What does the Interior of a hoverboard look like?
You always see a good looking board that has a beautiful cover of your preferred color, but you have never seen the inside structure. Have this opportunity to have a look at the interior fabric of an electronic scooter. Below is a detailed picture showing the internal parts of an electric scooter.
These are the internal features
• Steel frame with a central pivot
• Logic board
• Two tilt/speed sensors
• Charging port
• Two gyroscopes
• Two infrared sensors
• Two electric motors
• Power switch
• A battery pack
• LED lights
• Pressure pads
• A plastic shell
Q1 How does a hoverboard move?
The movement of a hoverboard is facilitated by the wheel sensor, speed controls board, main logic board, and the battery pack
The Wheel Sensor
The electric motors that are responsible for the movement is housed within the wheels. Within the wheels are tilt and speed sensors. Each wheel, therefore, detects the rpm (revolutions per minute) and sends the signal to the gyroscope and speed control boards that are located inside the main body, just next to the wheels.
Gyroscope / Speed Control Boards
The gyroscope and speed control boards are responsible for detecting the rpms and tilt information from the sensor located inside the wheels. After receiving the information, they send it to the main logic board. When you calibrate your board, the gyroscopes are basically “zeroed”, this shows that you’re telling the gyroscopes, “this is flat; hence that is when we say the hoverboard’s tilt is at 0.” Therefore, the speed control boards are necessary to receive, convert, and relay the signals from the wheel sensors to the main logic board.
The Main Logic Board
The logic board can is comparable to the brain of a human being; therefore, it is the “brain” of your hoverboard. This is where the processor computes in real time the status of the board, for instance, the speed at which you are travelling, and the relative speed and tilt of each wheel. For example, when you turn the two wheels, they would have opposing tilts, and hence opposing rpms and motion. Power management controls also take place in the main logic unit, thus, “beginner mode” that limits the max speed or “locked” mode to lock the scooter.
The Battery Pack
Your board moves with the aid of the charged battery. Therefore, the battery pack is what keeps your scooter going. There are various packs for different boards, but the vast majority of scooters operates on 36V 4400mAH battery packs. All the other processes depend on the presence and functionalism of the battery pack. Care for the battery pack is recommended including the charging and battery replacement procedures.

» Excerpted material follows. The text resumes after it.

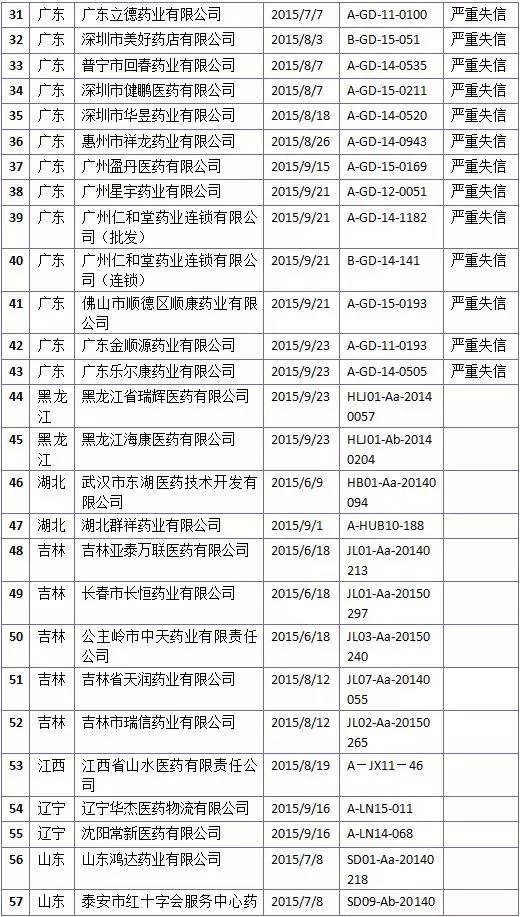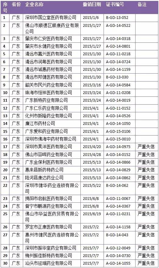 導(dǎo)讀 據(jù)不完全統(tǒng)計(jì),截止至9月30日,今年全國(guó)共有82家藥品批發(fā)或零售連鎖企業(yè)被撤銷或收回GSP認(rèn)證證書。 自2015年1月,國(guó)家食品藥品監(jiān)管總局開展中藥材專業(yè)市場(chǎng)進(jìn)行飛行檢查以來,各地食品藥品監(jiān)管部門陸續(xù)開展了飛行檢查、跟蹤檢查或?qū)m?xiàng)檢查。 據(jù)不完全統(tǒng)計(jì),截止至9月30日,今年全國(guó)共有82家藥品批發(fā)或零售連鎖企業(yè)被撤銷或收回GSP認(rèn)證證書。其中廣東數(shù)量最多,為43家,占比為52.43%。其次是山東12家、湖北9家、吉林5家、陜西3家,安徽、福建、黑龍江、江西、遼寧各2家。 此外,還有部分企業(yè)因嚴(yán)重違規(guī)被吊銷《藥品經(jīng)營(yíng)許可證》,失去了藥品經(jīng)營(yíng)資格。 除在飛行檢查或跟蹤檢查中,被撤銷或收回GSP證書的,另有470多家藥品批發(fā)企業(yè)因有效期滿未向食品藥品監(jiān)管部門提出換證申請(qǐng)或未通過換證現(xiàn)場(chǎng)檢查,而被監(jiān)管部門依法注銷終止藥品經(jīng)營(yíng)。 現(xiàn)在除了新版GSP認(rèn)證之外,各地藥監(jiān)局飛行檢查、跟蹤檢查工作日益常態(tài)化,相當(dāng)于隨時(shí)可能進(jìn)行的摸底考試,要想不被淘汰,規(guī)范經(jīng)營(yíng),時(shí)刻警醒,持續(xù)做好各項(xiàng)質(zhì)量管理工作,牢記GSP或許才是關(guān)鍵。 一、被吊銷《藥品經(jīng)營(yíng)許可證》的藥品批發(fā)企業(yè)匯總 二、被撤銷GSP證書的藥品批發(fā)企業(yè)匯總 三、被收回GSP證書的藥品批發(fā)企業(yè)匯總 信息來源:臉眾醫(yī)藥網(wǎng)

Q2 How does a Hoverboard detect your movement?
Many people have just been imagining and never found the real answer on how the scooter detects the movement of the body. The movement of the body is detected once you are on top of the board, and it entails series of processes.
Below each foot pad is pressure pads that rests on two switches each.
When you lean forward, the front switch is pressed down, and a little plastic “wall” slides in-between an infrared sensor and infrared LED.
When the sensor detects the light, the logic board communicates the signal to the motors to be still. But when the light is interrupted (as a result of the switch being pushed down by your weight), the board commands the motor to spin in a given direction. For instance, if you are turning right, your foot activates the front left switch, making the left wheel spin forward, while your right foot activates the back right switch, making the right wheel spin backwards. This will result in the scooter turning to the right.
To summarize the information given, the tilt sensors in the wheels informs the gyroscopes on how far forward you are leaning. The gyroscopes then relay the same information to the logic board. The more you lean forward, the faster the logic board informs the motors to spin, to sort of “catch up” with your center of gravity. This is a simple mechanism that allows you to control the riding speed of the scooter with your weight. That summarizes the science behind the movement and controlling of hoverboards using your weight.